++++ RECORDS SUPPLIED ++++

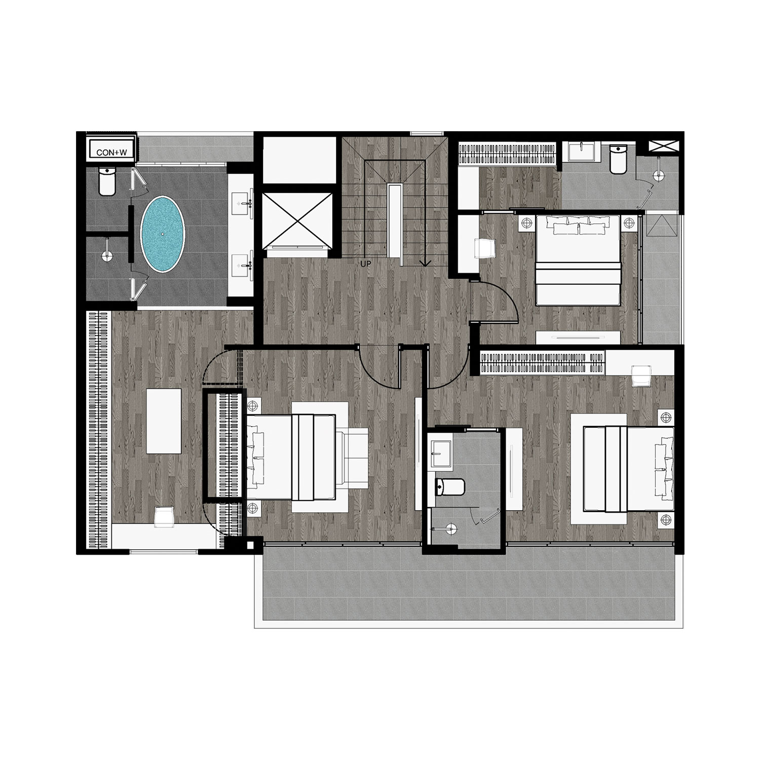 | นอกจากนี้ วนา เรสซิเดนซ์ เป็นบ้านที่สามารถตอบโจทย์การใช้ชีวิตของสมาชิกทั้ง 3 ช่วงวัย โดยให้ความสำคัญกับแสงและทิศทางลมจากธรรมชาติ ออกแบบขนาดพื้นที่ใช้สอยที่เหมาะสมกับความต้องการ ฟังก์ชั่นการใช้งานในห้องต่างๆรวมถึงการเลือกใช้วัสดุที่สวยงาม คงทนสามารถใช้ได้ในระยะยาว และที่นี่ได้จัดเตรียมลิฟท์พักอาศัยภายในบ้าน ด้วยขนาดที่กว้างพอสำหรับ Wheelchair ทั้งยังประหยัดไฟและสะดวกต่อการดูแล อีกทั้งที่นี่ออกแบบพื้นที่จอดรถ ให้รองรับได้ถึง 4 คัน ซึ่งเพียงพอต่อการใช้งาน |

++++
++++ RECORDS SUPPLIED ++++

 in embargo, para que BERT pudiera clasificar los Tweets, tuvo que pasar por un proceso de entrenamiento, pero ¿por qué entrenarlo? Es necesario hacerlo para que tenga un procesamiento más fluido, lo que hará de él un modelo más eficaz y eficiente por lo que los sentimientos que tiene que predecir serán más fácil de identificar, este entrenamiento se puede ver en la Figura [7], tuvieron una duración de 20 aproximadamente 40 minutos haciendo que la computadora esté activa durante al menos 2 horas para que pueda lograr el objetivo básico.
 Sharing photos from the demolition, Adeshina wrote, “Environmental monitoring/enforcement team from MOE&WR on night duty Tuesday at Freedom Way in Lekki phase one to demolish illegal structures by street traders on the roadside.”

++++
++++ RECORDS SUPPLIED ++++

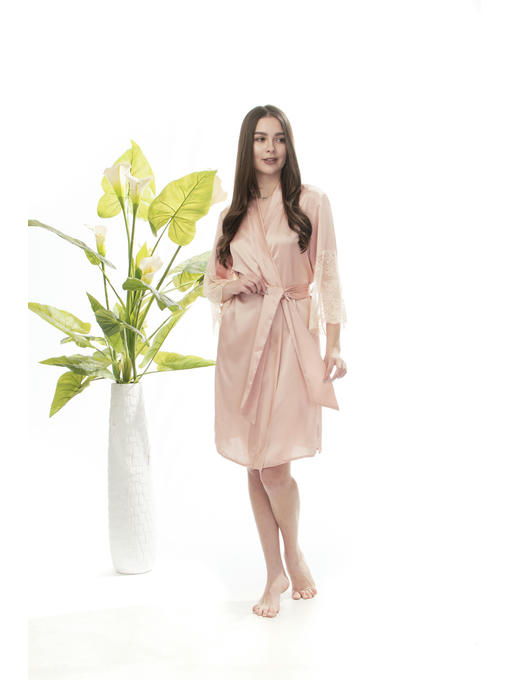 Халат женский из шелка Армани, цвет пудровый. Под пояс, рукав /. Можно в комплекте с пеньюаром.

++++

EXERCISE BRIEF
Each line in the listing above from the one containing "in embargo, para" through the one containing "Sharing photos from" should be repeated exactly, and no other line.

RESPONSE AREA
 in embargo, para que BERT pudiera clasificar los Tweets, tuvo que pasar por un proceso de entrenamiento, pero ¿por qué entrenarlo? Es necesario hacerlo para que tenga un procesamiento más fluido, lo que hará de él un modelo más eficaz y eficiente por lo que los sentimientos que tiene que predecir serán más fácil de identificar, este entrenamiento se puede ver en la Figura [7], tuvieron una duración de 20 aproximadamente 40 minutos haciendo que la computadora esté activa durante al menos 2 horas para que pueda lograr el objetivo básico.
 Sharing photos from the demolition, Adeshina wrote, “Environmental monitoring/enforcement team from MOE&WR on night duty Tuesday at Freedom Way in Lekki phase one to demolish illegal structures by street traders on the roadside.”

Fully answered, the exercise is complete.